Сибирцев лежал на большой охапке сена, подложив руку под голову и придерживая сбоку кожаный докторский саквояж: где-то умудрился раздобыть Нырков. Глядел по сторонам, вдыхал запах сена, покачивался в такт движению телеги. Машинально перебирал в памяти события последних часов.
Перед самым отъездом еще раз посовещались Сибирцев с Нырковым. Уж больно удобной была мелькнувшая у обоих мысль о засаде.
Деревня, как объяснил старик, называлась Гниловка. Потому, видно, что около гнилых болот располагалась. А сторожка та находилась верстах в трех от деревни. Стояла она на самом краю болота в зарослях ольхи, сама была не заметна, но округа от нее хорошо просматривалась.

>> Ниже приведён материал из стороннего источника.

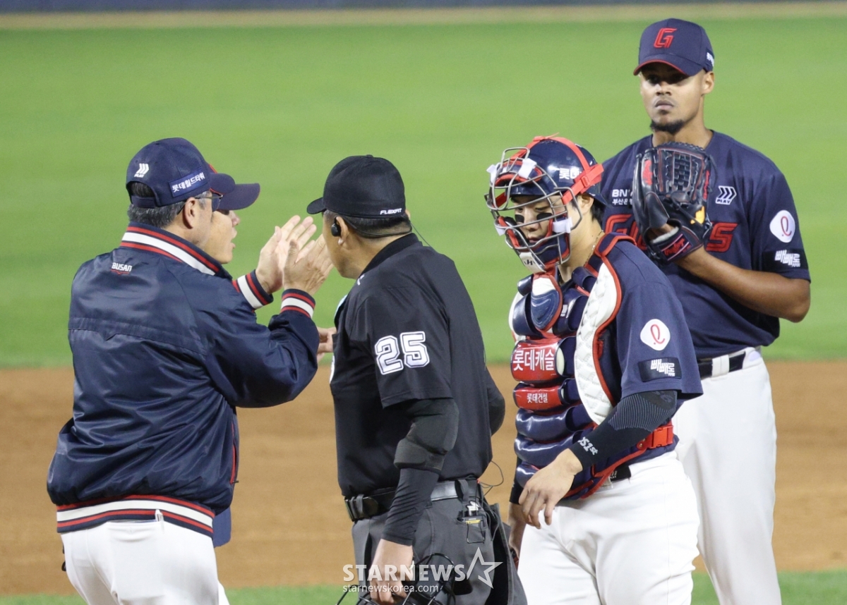 乐天队的首发投手罗德里格斯出现动摇后,金相镇教练立即走上投手踏板,稳定情绪。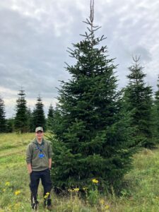 Carson is pictured at the Christmas tree farm during a visit by the Gardens team in September to choose the College’s trees.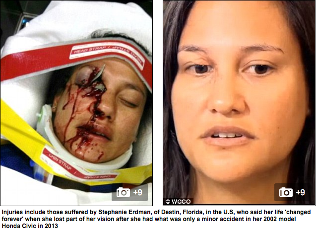 The image above shows the injuries endured by Stephanie Erdman, of Destin, Florida who said her life ‘changed forever’ when she lost part of her vision after she had an accident in her model Honda Civic in 2013.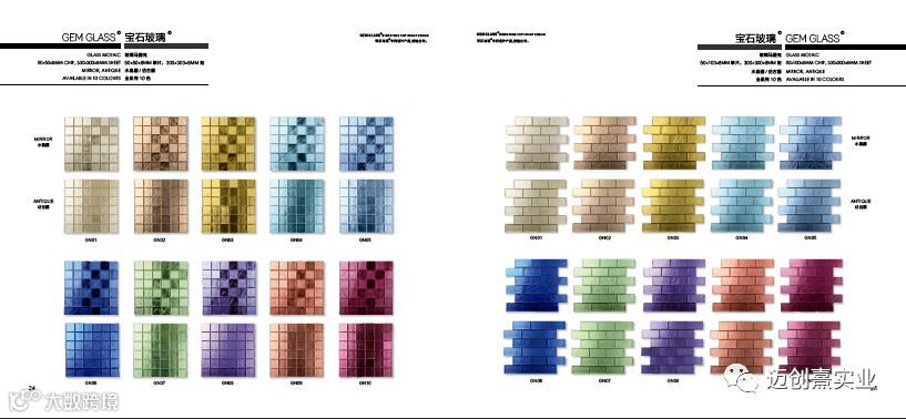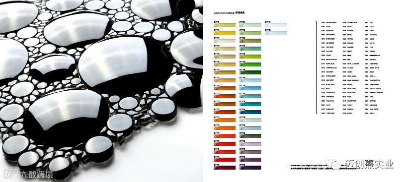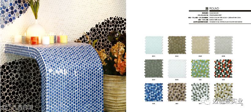 传统的造型,却拥有异常复杂的制造过程。精致的圆(椭)形单片都是通过光学镜片磨片机手工打磨而来- 粒粒皆辛苦。水晶玻璃材质经过二次高温冶烧,使每一颗马赛克平滑圆润、晶莹剔透,69 种单色加上33 种混色组合可供选择,使装饰面极富图案感,除大面积铺贴外,裁成窄条用于带状装饰腰线或垂直的装饰条都是很好的选择方案.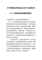 关于网络安全和信息化工作中心组研讨发言:为县域经济高质量发展助力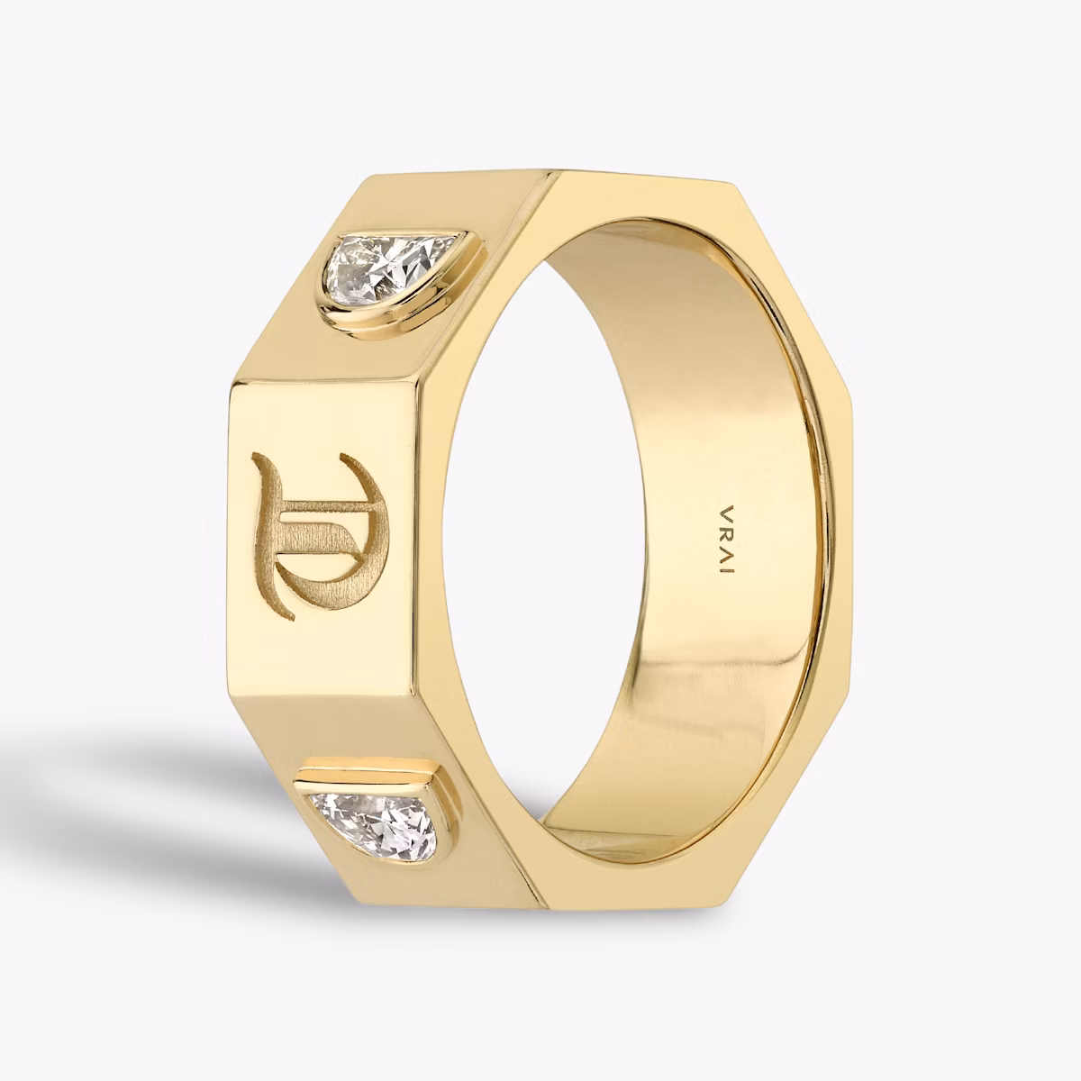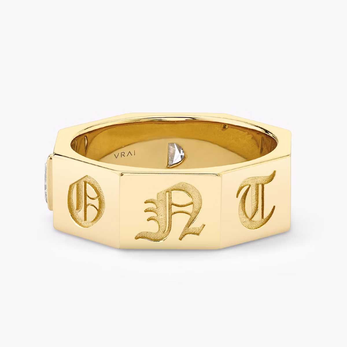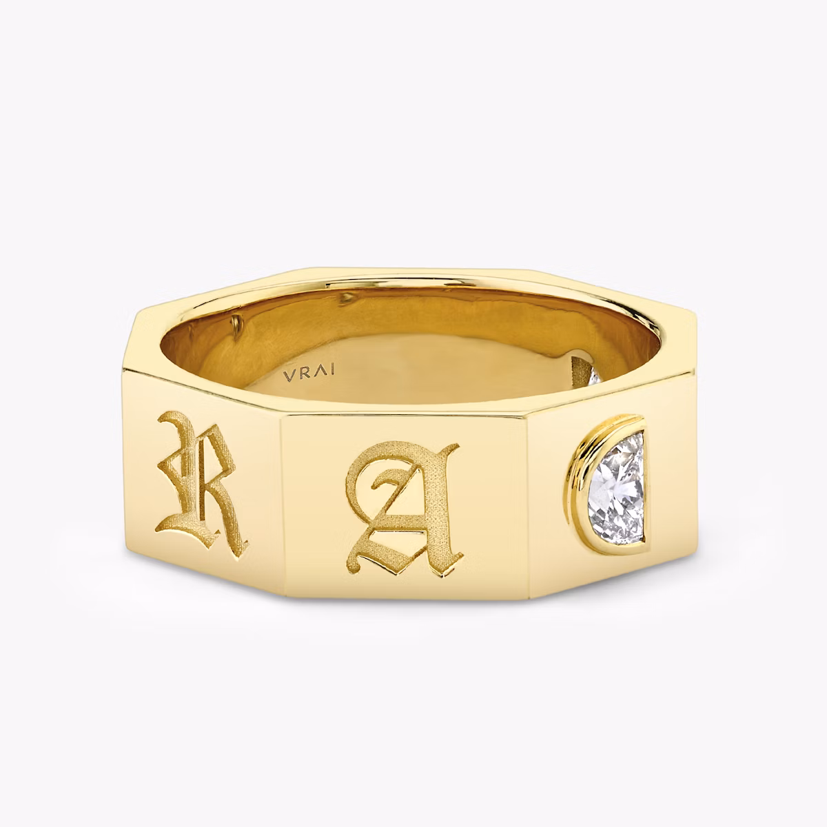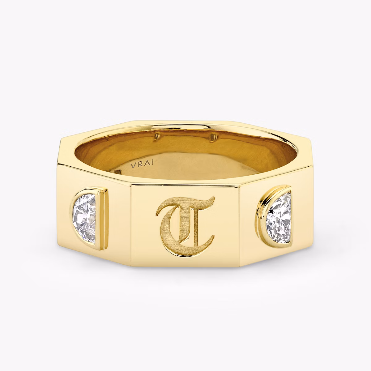 Honor your promises with our Contract Ring, a 14k yellow gold band with an inscription and two half-moon VRAI created diamonds. Its dramatic design underlines the importance behind life’s greatest moments.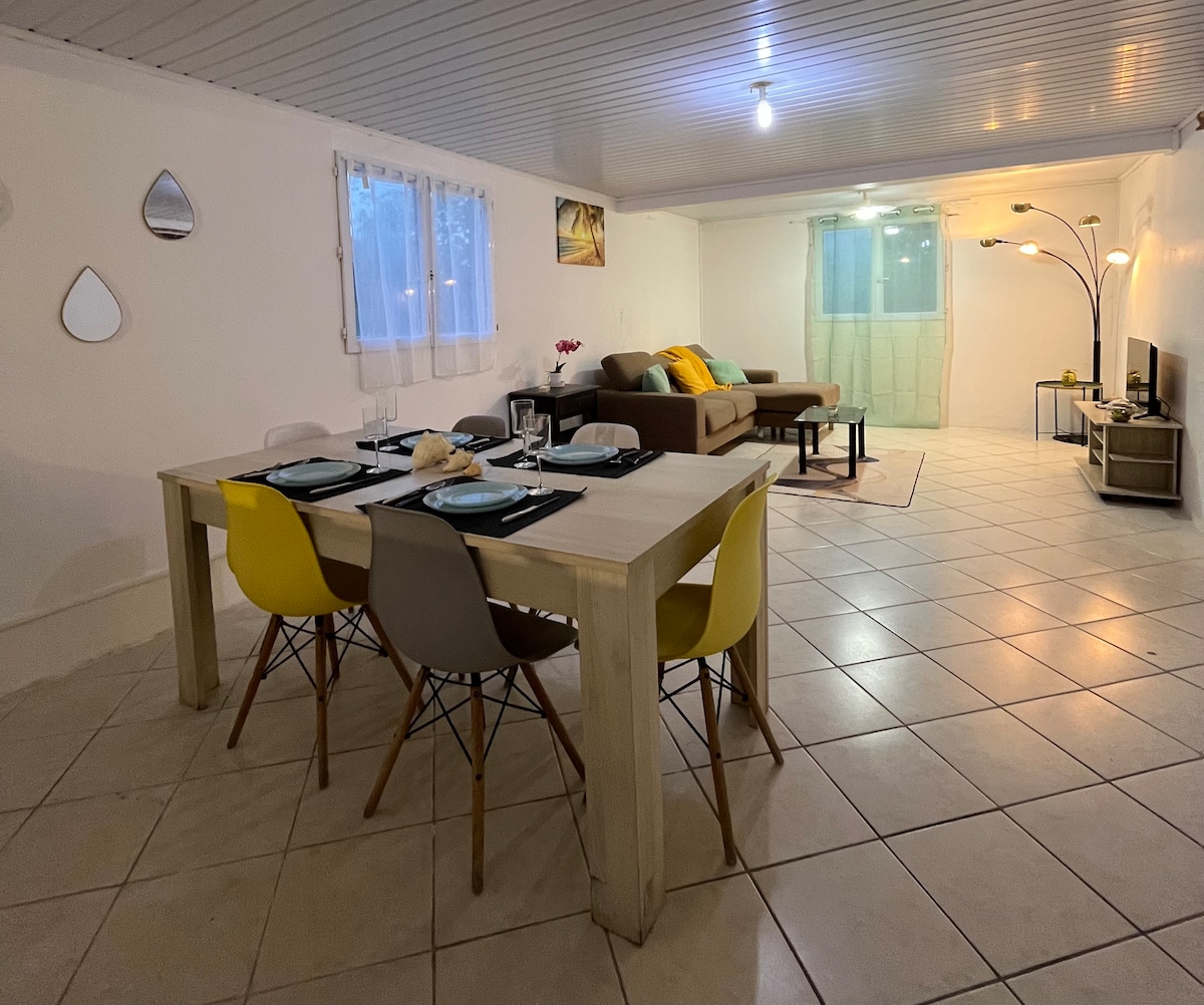 Situé au rez de chaussée de notre habitation, et totalement indépendant, pour vous permettre de passer d'agréables vacances en familles , dans un écrin de verdure. Vous apprécierez le calme, l'accueil chaleureux , le chant des oiseaux au réveil, la flore et les ballades vertes dans notre quartier. Les commerces et la plage le l'Anse Figuier sont à moins de 10 minutes et les plus belles plages du Sud à 20 minutes.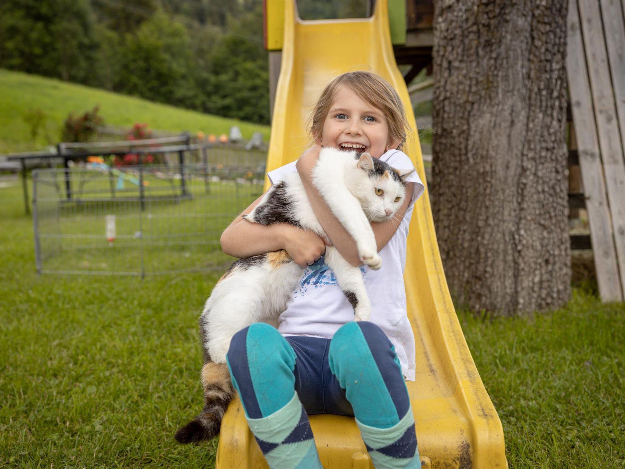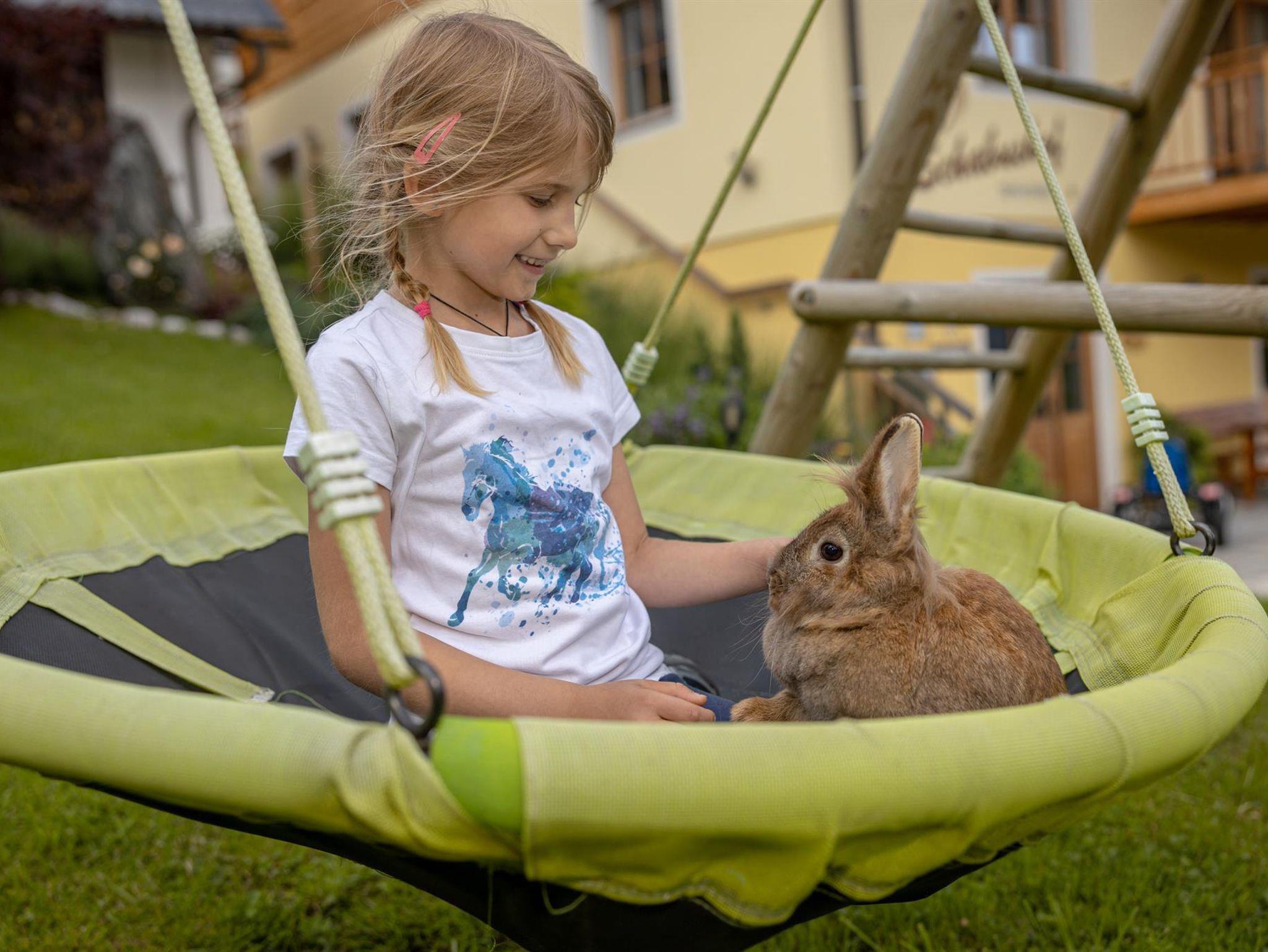 Unser Hof selbst bietet eine Vielzahl von tierischen Freunden – von Hasen über Katzen, Hühner, Rinder bis hin zu Pferden und Ziegen . Wenn Ihre Kinder beim Tiere füttern mithelfen oder auf dem Kinderspielplatz toben, können Sie sich auf der Liegewiese entspannen, während der Duft von Kräutern und frischen Blumen in der Luft liegt.

Значит, поняли чекисты, незаметно к ней не подобраться. Отправить конный отряд вместе с Сибирцевым — рискованно. Вмиг заметят, кому это надо. А если попробовать иначе?
Решили так. Конники пойдут самостоятельно на Гниловку, там и расположатся под видом продотряда. Если все закончится благополучно, Сибирцев, вернувшись с острова, подаст сигнал: два выстрела подряд. Видимо, это будет где-то под утро. Чтоб не проспали, были наготове. Ну, а дальше и решать: идти ли на штурм острова или какой другой выход найдется. Все, считал Сибирцев, решится на самом острове: какие там силы, насколько глубоко увязли в своих черных делах бандиты и, главное, кто с ними связан, откуда ниточки тянутся.
Вот когда все это будет окончательно ясно, можно делать выводы, как брать Безобразова. Уничтожить его банду — значит обезопасить железную дорогу, а там и армия подойдет. Сила! Нельзя больше терпеть, чтоб под самым сердцем Советской власти зрел гнойный фурункул — антоновский мятеж. С ним надо кончать быстрым и решительным ударом. Но и удар нельзя наносить вслепую.
Мартин Янович назвал обеспечение безопасности железной дороги срочной и обязательной задачей. Тамбов с его агентурой — уже потом. А если Безобразов в настоящий момент и есть самое главное? Значит, именно Сибирцеву и следует брать основную тяжесть операции на себя. И документы, и опыт — все есть. Кто мог бы, воспользовавшись удачно подвернувшимся случаем, проникнуть в банду? Малышев, что ли? С его маузером… Чепуха, все развивается правильно. Логично.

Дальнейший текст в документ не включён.